Question

A metal crystallizes into two cubic phases, face centered cubic (FCC) and body centered cubic (BCC), whose unit cell length are $4.5\stackrel{\circ }{\text{A}}$ and $3\stackrel{\circ }{\text{A}}$, respectively.
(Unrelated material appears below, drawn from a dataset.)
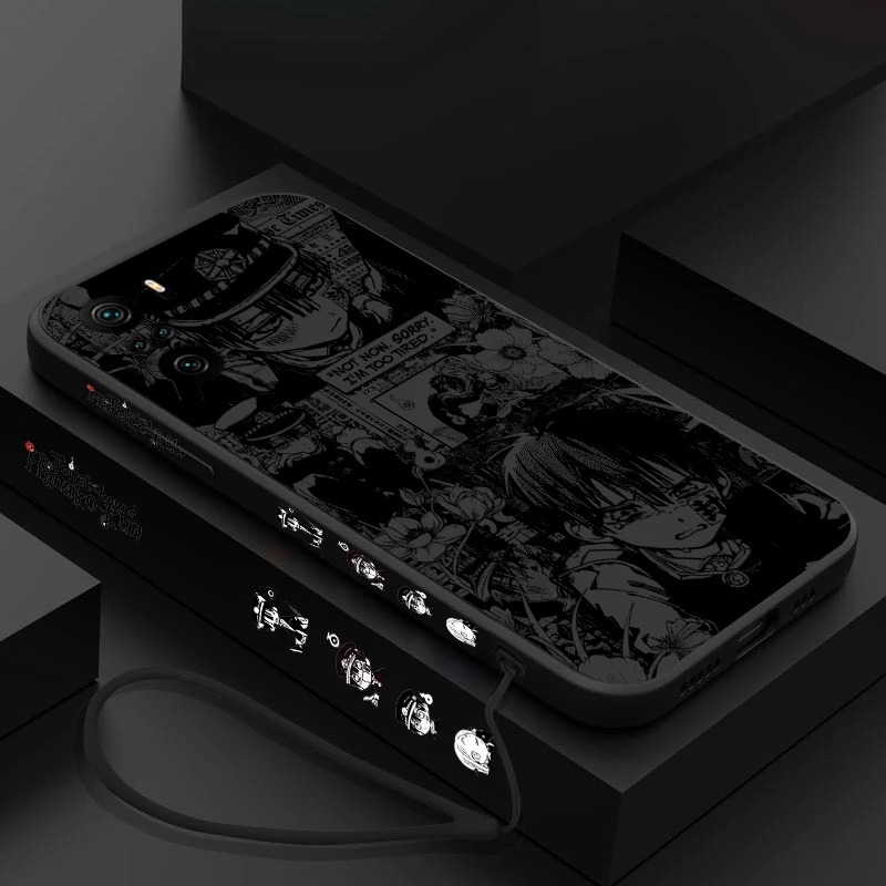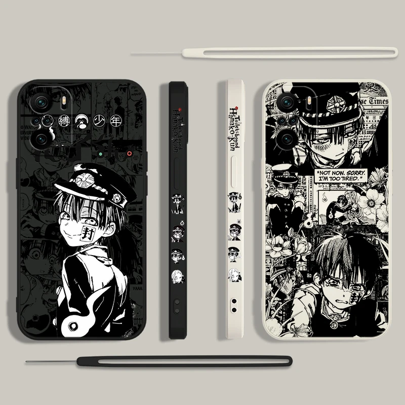 Hanako Kun-funda de teléfono con cuerda izquierda líquida para Xiaomi Redmi Note 13, 12, 12Pro, 11S, 11T, 10S, 10 Pro Plus, 5G

Calculate the ratio of the densities of the BCC to the FCC lattice.

• A. $1.69$
• B. $2.66$
• C. $2.25$
• D. $1.25$

Answer 1

The correct option is A $1.69$

We know that, total number of atoms per unit cell of FCC is $4$ and total number of atoms per unit cell of BCC is $2$
$\text{So, density in FCC}=\frac{n_1\times \text{atomic weight}}{V_1\times N_A}$
Where, $V_1=\text{volume of unit cell}=a^3=(4.5\times {10}^{-8}{)}^3$
$\text{So, density in BCC}=\frac{n_2\times \text{atomic weight}}{V_2\times N_A}$
Where, $V_2=\text{volume of unit cell}=a^3=(3\times {10}^{-8}{)}^3$
Hence, $\frac{D_{BCC}}{D_{FCC}}=\frac{n_1\times V_2}{n_2\times V_1}=\frac{2\times (4.5\times {10}^{-8}{)}^3}{4\times (3\times {10}^{-8}{)}^3}=1.69$